Весь день провел на карьере, подкладывал фугасы и рвал известняк. Внизу, в лощине, лежал завод, дымились трубы, к карьеру и от него бегали, поскрипывая вагонетки. Наверху, над обрывами, стояли мокрые сосны. Небо весь день было серым, сырым, дым из труб стлался по земле. Фугасы взрывались с рокотом и дымом.
Шел домой с штейгером Бицкой, уже упала осенняя темнота и ярко горела турбинная.

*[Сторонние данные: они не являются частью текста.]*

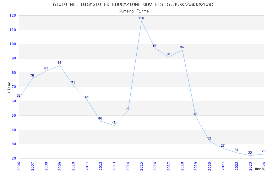 | 2015 | 116 | 6.300,51 | 54,31 | 8.447 | 2.002 | 880 | 6 |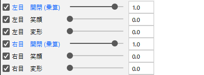 웃는 눈, 가늘게 뜬 눈, 크게 뜬 눈 등 눈의 개폐가 디폴트 이외(기본 1.0 이외)의 수치로 되어 있는 표정을 설정하는 경우

Инженерский поселок лежал по ту сторону, в расчищенном лесу, цементные постройки домиков стояли однообразно, горели, свистели голубые шары фонарей, кидая черные тени от сосновых ветвей и стволов. Кожаная куртка прилипла к спине; верно, также она прилипла и у Бицки. Бицка говорил:
- Дома сейчас чайку, казедка, Серкей Терентьич, шена, Бицка недавно женился.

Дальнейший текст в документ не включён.